**EXTRACTED ENTRIES:**
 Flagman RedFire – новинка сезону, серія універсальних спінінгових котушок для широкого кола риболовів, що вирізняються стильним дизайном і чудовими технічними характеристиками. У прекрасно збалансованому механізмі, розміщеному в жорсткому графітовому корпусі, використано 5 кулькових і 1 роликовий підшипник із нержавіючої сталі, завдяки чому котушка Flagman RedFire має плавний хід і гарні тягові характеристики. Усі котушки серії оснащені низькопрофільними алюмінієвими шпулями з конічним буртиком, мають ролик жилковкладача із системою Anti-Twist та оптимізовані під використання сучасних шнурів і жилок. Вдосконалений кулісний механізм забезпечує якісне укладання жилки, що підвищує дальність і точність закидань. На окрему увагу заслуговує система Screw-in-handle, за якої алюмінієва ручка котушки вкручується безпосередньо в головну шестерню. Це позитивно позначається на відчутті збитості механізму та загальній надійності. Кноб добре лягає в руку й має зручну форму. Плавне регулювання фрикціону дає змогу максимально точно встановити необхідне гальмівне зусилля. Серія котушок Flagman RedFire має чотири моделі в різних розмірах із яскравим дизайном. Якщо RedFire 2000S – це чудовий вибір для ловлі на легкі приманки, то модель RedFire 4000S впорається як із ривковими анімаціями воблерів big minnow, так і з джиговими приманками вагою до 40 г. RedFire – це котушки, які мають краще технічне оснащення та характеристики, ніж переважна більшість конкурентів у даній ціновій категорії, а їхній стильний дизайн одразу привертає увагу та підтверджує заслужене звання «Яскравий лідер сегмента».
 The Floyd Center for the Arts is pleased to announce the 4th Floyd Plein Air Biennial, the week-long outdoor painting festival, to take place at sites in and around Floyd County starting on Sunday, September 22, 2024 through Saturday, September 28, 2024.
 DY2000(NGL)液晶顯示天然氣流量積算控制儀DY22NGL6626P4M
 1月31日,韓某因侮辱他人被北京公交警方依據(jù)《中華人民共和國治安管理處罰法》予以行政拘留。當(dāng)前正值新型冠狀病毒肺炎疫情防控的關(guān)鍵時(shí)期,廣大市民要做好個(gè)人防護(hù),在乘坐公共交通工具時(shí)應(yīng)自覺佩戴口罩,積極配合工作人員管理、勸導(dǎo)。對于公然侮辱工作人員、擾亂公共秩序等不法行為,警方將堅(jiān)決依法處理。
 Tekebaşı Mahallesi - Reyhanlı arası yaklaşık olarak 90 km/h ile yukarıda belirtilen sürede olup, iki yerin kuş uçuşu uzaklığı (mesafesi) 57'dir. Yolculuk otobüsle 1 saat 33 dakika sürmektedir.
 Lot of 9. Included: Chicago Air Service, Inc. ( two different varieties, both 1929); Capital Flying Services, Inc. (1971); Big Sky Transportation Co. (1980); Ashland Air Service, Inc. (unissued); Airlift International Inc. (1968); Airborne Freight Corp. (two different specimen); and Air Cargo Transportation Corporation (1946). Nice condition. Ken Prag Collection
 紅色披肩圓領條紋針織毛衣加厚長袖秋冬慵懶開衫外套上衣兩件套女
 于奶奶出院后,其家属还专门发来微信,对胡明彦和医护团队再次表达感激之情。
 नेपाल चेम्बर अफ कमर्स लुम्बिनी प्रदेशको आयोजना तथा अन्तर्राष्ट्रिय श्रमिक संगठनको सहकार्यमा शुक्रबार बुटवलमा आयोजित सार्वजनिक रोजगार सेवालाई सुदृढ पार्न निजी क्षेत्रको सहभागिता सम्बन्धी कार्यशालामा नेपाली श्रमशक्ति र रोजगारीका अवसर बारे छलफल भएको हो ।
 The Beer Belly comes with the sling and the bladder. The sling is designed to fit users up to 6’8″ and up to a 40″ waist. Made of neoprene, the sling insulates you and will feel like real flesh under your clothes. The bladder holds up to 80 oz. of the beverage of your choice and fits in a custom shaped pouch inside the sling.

**TRY IT:** Give the material above again, word for word.

**TASK OUTPUT:**
 Flagman RedFire – новинка сезону, серія універсальних спінінгових котушок для широкого кола риболовів, що вирізняються стильним дизайном і чудовими технічними характеристиками. У прекрасно збалансованому механізмі, розміщеному в жорсткому графітовому корпусі, використано 5 кулькових і 1 роликовий підшипник із нержавіючої сталі, завдяки чому котушка Flagman RedFire має плавний хід і гарні тягові характеристики. Усі котушки серії оснащені низькопрофільними алюмінієвими шпулями з конічним буртиком, мають ролик жилковкладача із системою Anti-Twist та оптимізовані під використання сучасних шнурів і жилок. Вдосконалений кулісний механізм забезпечує якісне укладання жилки, що підвищує дальність і точність закидань. На окрему увагу заслуговує система Screw-in-handle, за якої алюмінієва ручка котушки вкручується безпосередньо в головну шестерню. Це позитивно позначається на відчутті збитості механізму та загальній надійності. Кноб добре лягає в руку й має зручну форму. Плавне регулювання фрикціону дає змогу максимально точно встановити необхідне гальмівне зусилля. Серія котушок Flagman RedFire має чотири моделі в різних розмірах із яскравим дизайном. Якщо RedFire 2000S – це чудовий вибір для ловлі на легкі приманки, то модель RedFire 4000S впорається як із ривковими анімаціями воблерів big minnow, так і з джиговими приманками вагою до 40 г. RedFire – це котушки, які мають краще технічне оснащення та характеристики, ніж переважна більшість конкурентів у даній ціновій категорії, а їхній стильний дизайн одразу привертає увагу та підтверджує заслужене звання «Яскравий лідер сегмента».
 The Floyd Center for the Arts is pleased to announce the 4th Floyd Plein Air Biennial, the week-long outdoor painting festival, to take place at sites in and around Floyd County starting on Sunday, September 22, 2024 through Saturday, September 28, 2024.
 DY2000(NGL)液晶顯示天然氣流量積算控制儀DY22NGL6626P4M
 1月31日,韓某因侮辱他人被北京公交警方依據(jù)《中華人民共和國治安管理處罰法》予以行政拘留。當(dāng)前正值新型冠狀病毒肺炎疫情防控的關(guān)鍵時(shí)期,廣大市民要做好個(gè)人防護(hù),在乘坐公共交通工具時(shí)應(yīng)自覺佩戴口罩,積極配合工作人員管理、勸導(dǎo)。對于公然侮辱工作人員、擾亂公共秩序等不法行為,警方將堅(jiān)決依法處理。
 Tekebaşı Mahallesi - Reyhanlı arası yaklaşık olarak 90 km/h ile yukarıda belirtilen sürede olup, iki yerin kuş uçuşu uzaklığı (mesafesi) 57'dir. Yolculuk otobüsle 1 saat 33 dakika sürmektedir.
 Lot of 9. Included: Chicago Air Service, Inc. ( two different varieties, both 1929); Capital Flying Services, Inc. (1971); Big Sky Transportation Co. (1980); Ashland Air Service, Inc. (unissued); Airlift International Inc. (1968); Airborne Freight Corp. (two different specimen); and Air Cargo Transportation Corporation (1946). Nice condition. Ken Prag Collection
 紅色披肩圓領條紋針織毛衣加厚長袖秋冬慵懶開衫外套上衣兩件套女
 于奶奶出院后,其家属还专门发来微信,对胡明彦和医护团队再次表达感激之情。
 नेपाल चेम्बर अफ कमर्स लुम्बिनी प्रदेशको आयोजना तथा अन्तर्राष्ट्रिय श्रमिक संगठनको सहकार्यमा शुक्रबार बुटवलमा आयोजित सार्वजनिक रोजगार सेवालाई सुदृढ पार्न निजी क्षेत्रको सहभागिता सम्बन्धी कार्यशालामा नेपाली श्रमशक्ति र रोजगारीका अवसर बारे छलफल भएको हो ।
 The Beer Belly comes with the sling and the bladder. The sling is designed to fit users up to 6’8″ and up to a 40″ waist. Made of neoprene, the sling insulates you and will feel like real flesh under your clothes. The bladder holds up to 80 oz. of the beverage of your choice and fits in a custom shaped pouch inside the sling.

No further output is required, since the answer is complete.